== What to produce ==
In the material below, find every line containing the string "through" and return it.

== Material provided ==
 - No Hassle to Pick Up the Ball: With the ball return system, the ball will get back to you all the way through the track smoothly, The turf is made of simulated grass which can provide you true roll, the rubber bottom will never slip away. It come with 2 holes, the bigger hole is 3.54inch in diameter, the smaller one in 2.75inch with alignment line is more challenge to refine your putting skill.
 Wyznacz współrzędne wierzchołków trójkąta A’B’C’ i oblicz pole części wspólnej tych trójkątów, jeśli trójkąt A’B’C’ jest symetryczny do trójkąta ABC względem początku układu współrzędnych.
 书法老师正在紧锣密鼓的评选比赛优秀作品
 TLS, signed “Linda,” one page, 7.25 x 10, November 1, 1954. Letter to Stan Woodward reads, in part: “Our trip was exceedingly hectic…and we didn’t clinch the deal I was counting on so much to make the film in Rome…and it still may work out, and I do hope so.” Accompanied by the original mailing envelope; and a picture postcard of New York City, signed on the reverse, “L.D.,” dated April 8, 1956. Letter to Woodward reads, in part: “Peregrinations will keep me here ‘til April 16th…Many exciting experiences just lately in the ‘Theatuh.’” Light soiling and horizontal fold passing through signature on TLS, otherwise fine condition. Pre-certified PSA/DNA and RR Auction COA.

==

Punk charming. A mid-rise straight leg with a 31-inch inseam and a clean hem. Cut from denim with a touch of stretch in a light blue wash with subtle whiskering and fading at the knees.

---

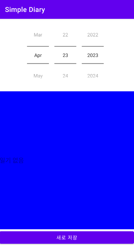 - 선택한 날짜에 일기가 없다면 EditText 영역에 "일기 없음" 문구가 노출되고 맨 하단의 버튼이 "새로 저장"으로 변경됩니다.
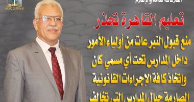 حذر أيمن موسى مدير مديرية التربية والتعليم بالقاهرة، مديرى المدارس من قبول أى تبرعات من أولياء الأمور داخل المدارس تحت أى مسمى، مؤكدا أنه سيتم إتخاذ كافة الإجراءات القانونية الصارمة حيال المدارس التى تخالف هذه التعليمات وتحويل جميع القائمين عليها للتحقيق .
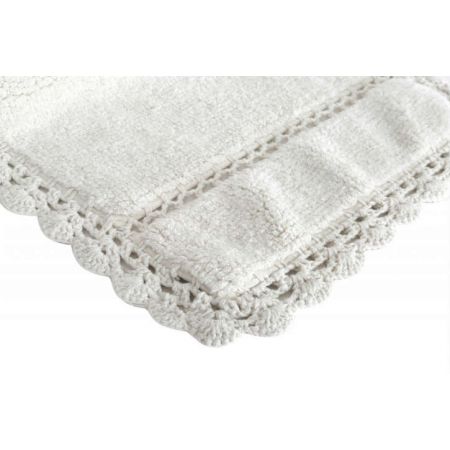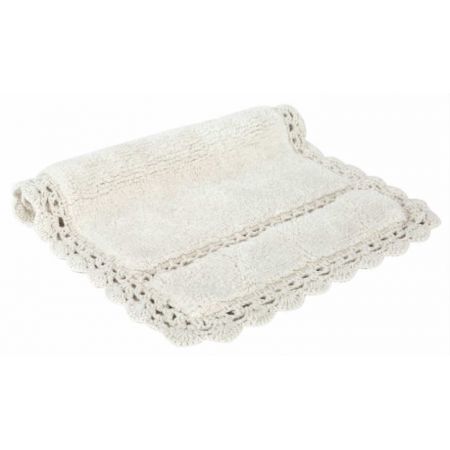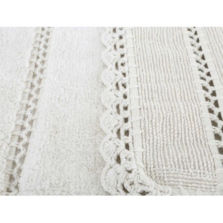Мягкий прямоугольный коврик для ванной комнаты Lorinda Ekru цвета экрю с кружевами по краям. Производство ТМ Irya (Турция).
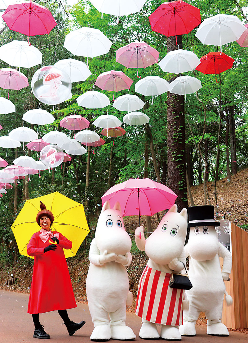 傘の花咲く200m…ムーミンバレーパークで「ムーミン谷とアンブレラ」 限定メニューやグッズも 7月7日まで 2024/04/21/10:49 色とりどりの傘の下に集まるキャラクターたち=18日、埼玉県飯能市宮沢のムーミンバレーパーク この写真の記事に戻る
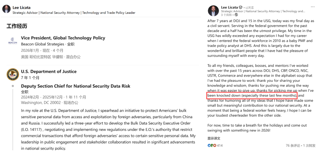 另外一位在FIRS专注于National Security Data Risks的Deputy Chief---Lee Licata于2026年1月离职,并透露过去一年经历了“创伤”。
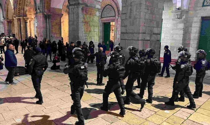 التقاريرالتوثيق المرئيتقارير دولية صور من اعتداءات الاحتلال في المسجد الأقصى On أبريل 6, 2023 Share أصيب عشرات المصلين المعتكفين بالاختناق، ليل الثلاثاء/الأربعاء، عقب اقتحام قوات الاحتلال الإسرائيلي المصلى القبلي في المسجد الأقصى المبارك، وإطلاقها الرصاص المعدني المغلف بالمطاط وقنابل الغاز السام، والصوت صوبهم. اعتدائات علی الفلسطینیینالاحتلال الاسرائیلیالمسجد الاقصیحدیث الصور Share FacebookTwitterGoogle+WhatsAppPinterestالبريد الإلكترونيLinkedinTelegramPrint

== Response ==
 - No Hassle to Pick Up the Ball: With the ball return system, the ball will get back to you all the way through the track smoothly, The turf is made of simulated grass which can provide you true roll, the rubber bottom will never slip away. It come with 2 holes, the bigger hole is 3.54inch in diameter, the smaller one in 2.75inch with alignment line is more challenge to refine your putting skill.
 TLS, signed “Linda,” one page, 7.25 x 10, November 1, 1954. Letter to Stan Woodward reads, in part: “Our trip was exceedingly hectic…and we didn’t clinch the deal I was counting on so much to make the film in Rome…and it still may work out, and I do hope so.” Accompanied by the original mailing envelope; and a picture postcard of New York City, signed on the reverse, “L.D.,” dated April 8, 1956. Letter to Woodward reads, in part: “Peregrinations will keep me here ‘til April 16th…Many exciting experiences just lately in the ‘Theatuh.’” Light soiling and horizontal fold passing through signature on TLS, otherwise fine condition. Pre-certified PSA/DNA and RR Auction COA.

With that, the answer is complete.